### TASK DIRECTIONS
Within the listing that follows, reproduce exactly the lines starting at the line with "This Malibu California" and ending at the line with "Walking along the", inclusive, and only those. Pictures are dropped.

### GIVEN DATA
====
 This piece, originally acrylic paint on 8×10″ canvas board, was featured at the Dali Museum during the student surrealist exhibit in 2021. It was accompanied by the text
====
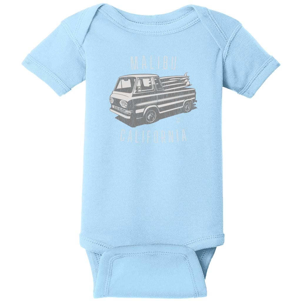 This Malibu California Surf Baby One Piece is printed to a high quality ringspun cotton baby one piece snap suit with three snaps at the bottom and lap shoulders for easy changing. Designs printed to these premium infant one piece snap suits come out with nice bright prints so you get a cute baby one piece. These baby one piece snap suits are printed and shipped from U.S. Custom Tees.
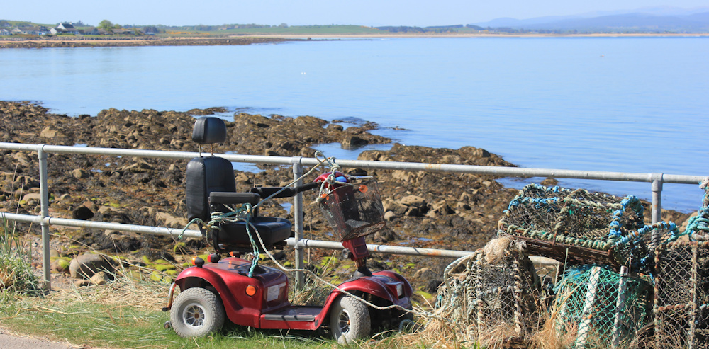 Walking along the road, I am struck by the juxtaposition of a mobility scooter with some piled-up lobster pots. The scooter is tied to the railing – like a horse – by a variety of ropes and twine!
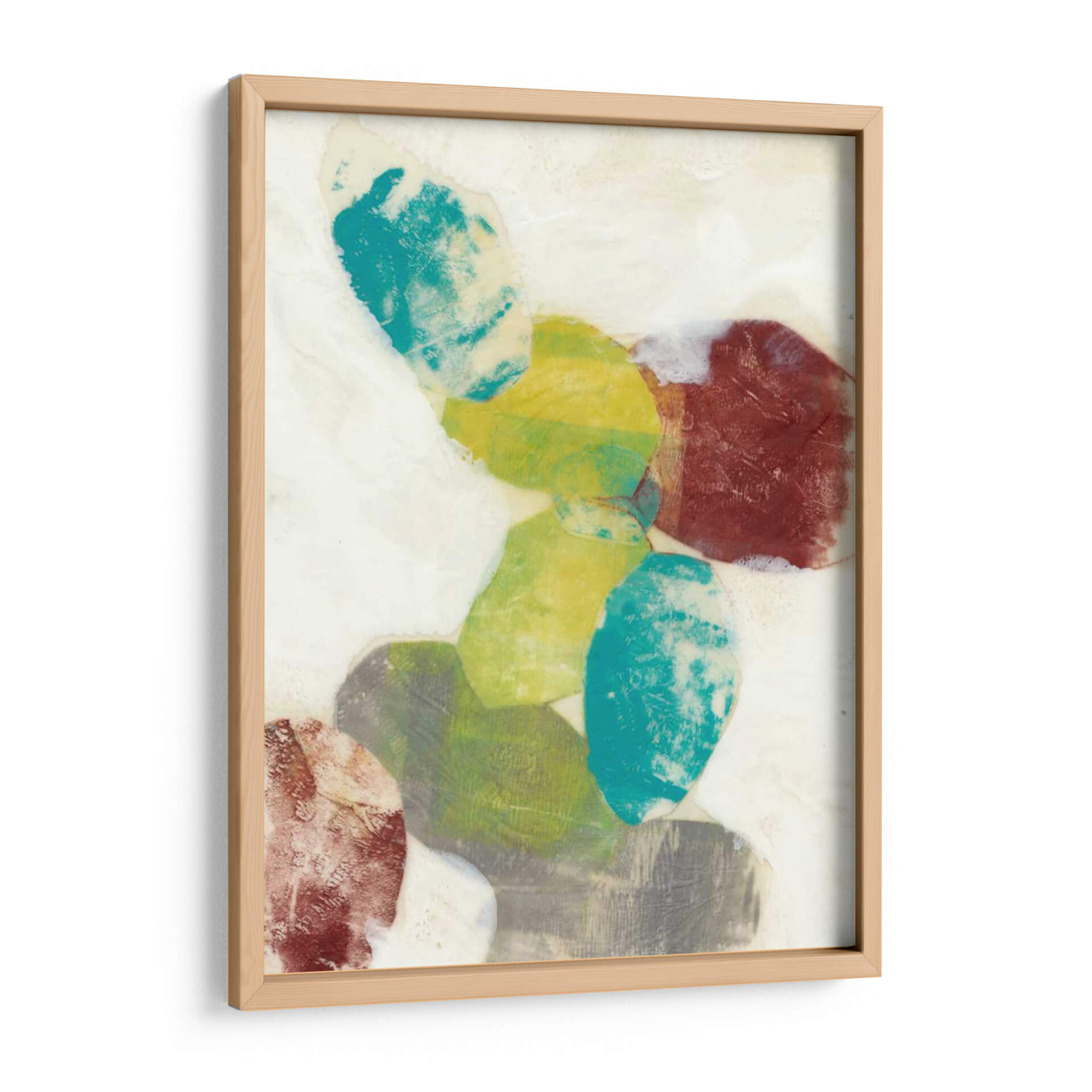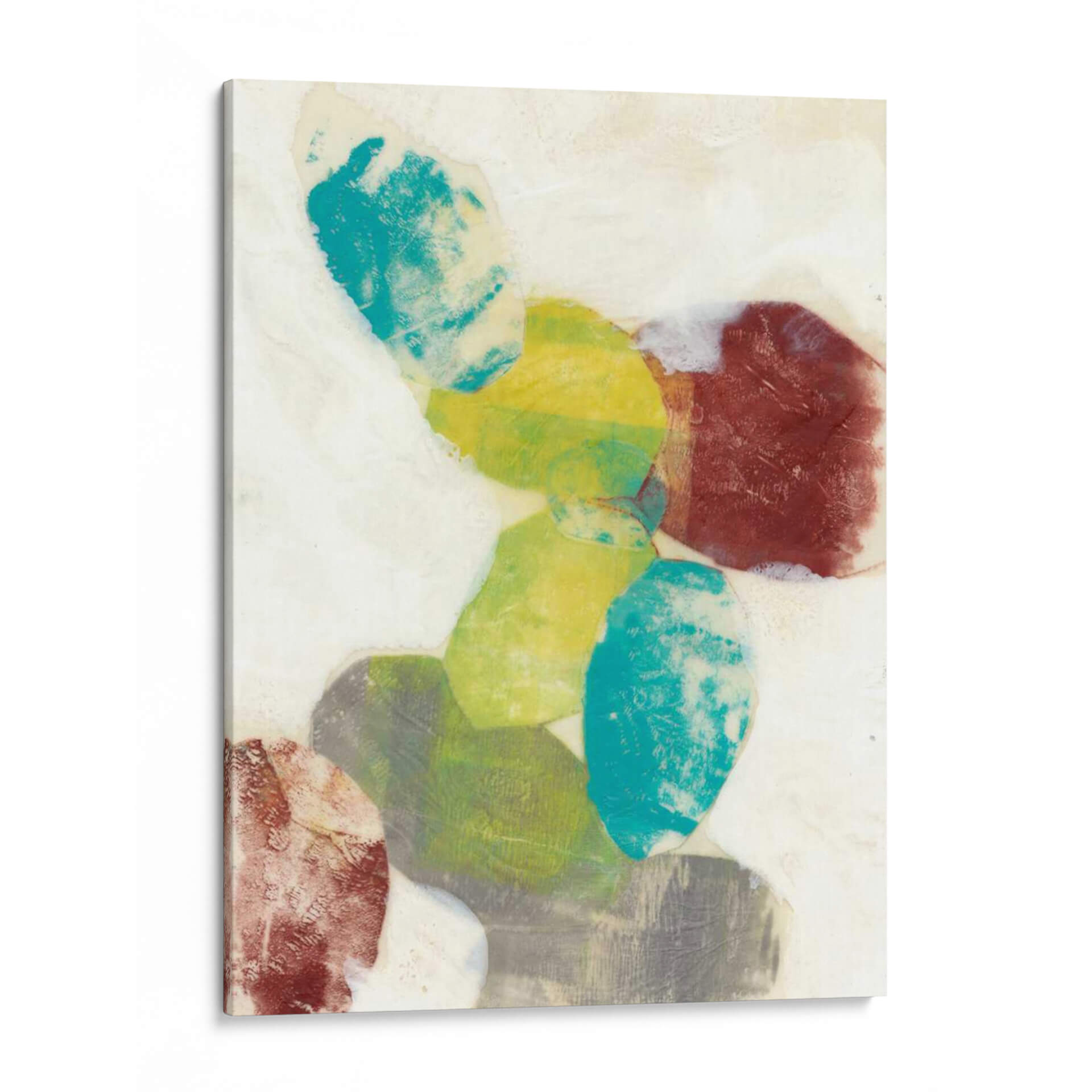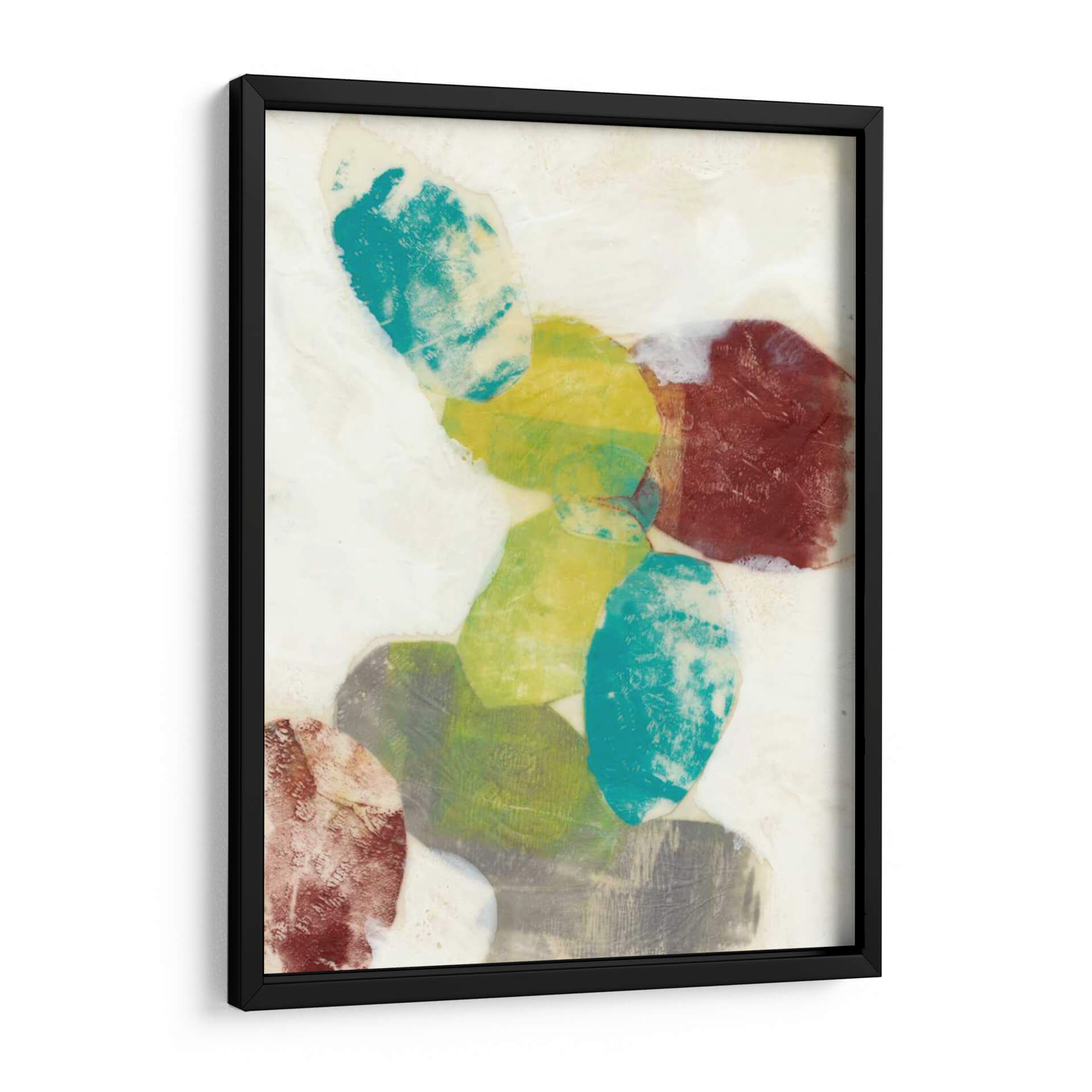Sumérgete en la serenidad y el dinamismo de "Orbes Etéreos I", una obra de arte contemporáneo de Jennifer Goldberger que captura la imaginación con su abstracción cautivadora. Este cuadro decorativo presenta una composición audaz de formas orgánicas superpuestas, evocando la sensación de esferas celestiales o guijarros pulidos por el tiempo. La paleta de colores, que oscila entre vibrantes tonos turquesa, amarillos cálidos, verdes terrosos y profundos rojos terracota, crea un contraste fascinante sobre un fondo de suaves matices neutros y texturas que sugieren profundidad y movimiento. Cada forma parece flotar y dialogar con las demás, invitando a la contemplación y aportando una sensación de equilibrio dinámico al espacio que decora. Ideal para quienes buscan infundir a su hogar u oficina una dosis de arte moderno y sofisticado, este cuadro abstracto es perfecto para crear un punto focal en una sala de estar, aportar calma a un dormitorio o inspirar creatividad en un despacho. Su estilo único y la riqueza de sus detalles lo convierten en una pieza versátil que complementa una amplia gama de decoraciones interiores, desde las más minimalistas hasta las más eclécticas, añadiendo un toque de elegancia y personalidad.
====
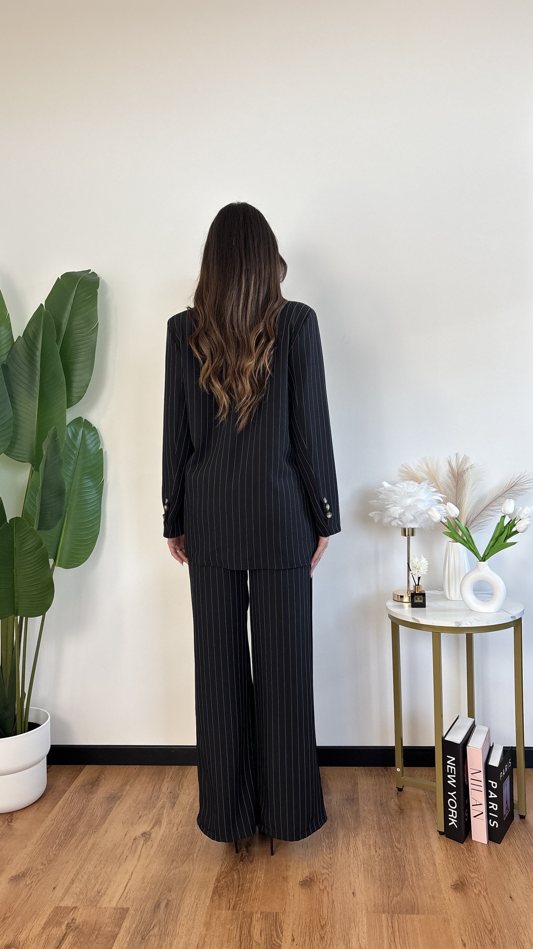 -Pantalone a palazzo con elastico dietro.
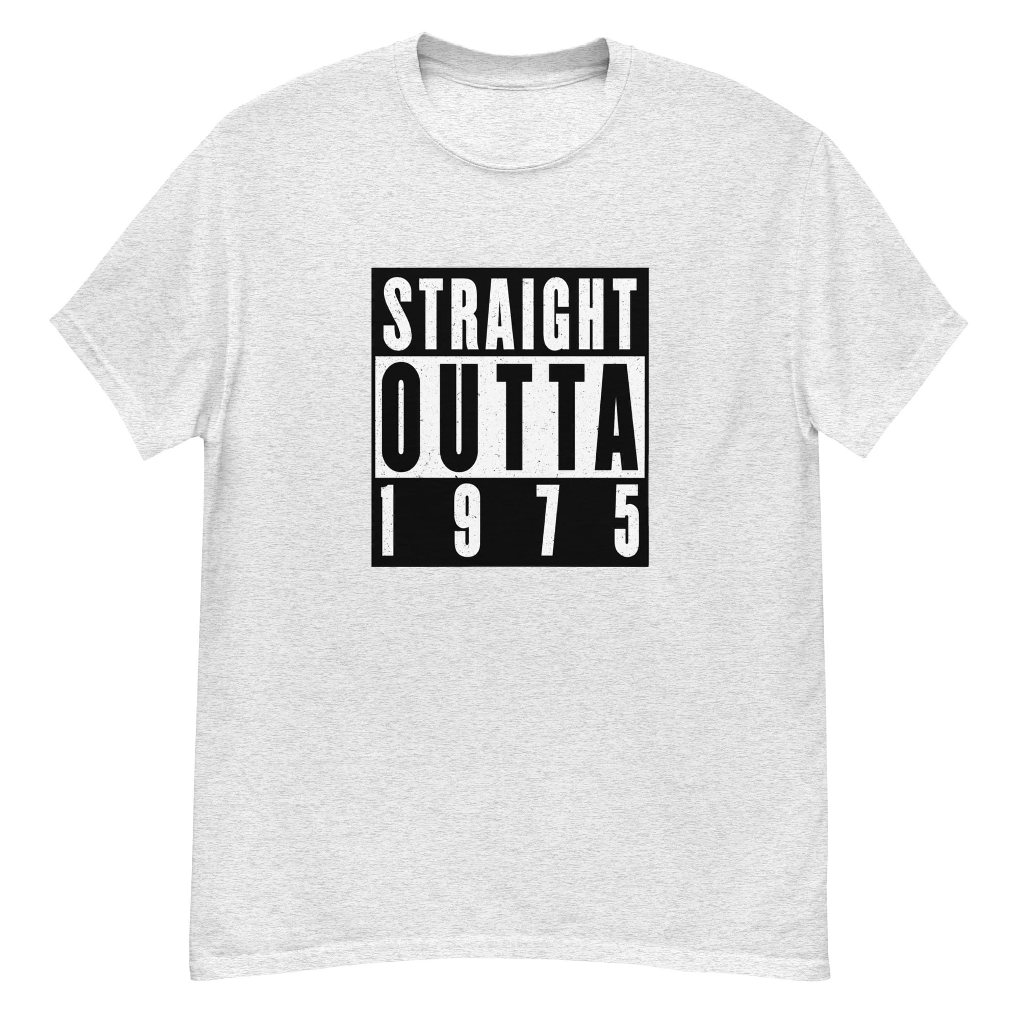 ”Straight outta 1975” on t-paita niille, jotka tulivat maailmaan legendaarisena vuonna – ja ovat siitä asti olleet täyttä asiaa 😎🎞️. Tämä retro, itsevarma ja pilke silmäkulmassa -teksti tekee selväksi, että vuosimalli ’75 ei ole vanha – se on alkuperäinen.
====
### ANSWER TO THE PROBLEM
 This Malibu California Surf Baby One Piece is printed to a high quality ringspun cotton baby one piece snap suit with three snaps at the bottom and lap shoulders for easy changing. Designs printed to these premium infant one piece snap suits come out with nice bright prints so you get a cute baby one piece. These baby one piece snap suits are printed and shipped from U.S. Custom Tees.
 Walking along the road, I am struck by the juxtaposition of a mobility scooter with some piled-up lobster pots. The scooter is tied to the railing – like a horse – by a variety of ropes and twine!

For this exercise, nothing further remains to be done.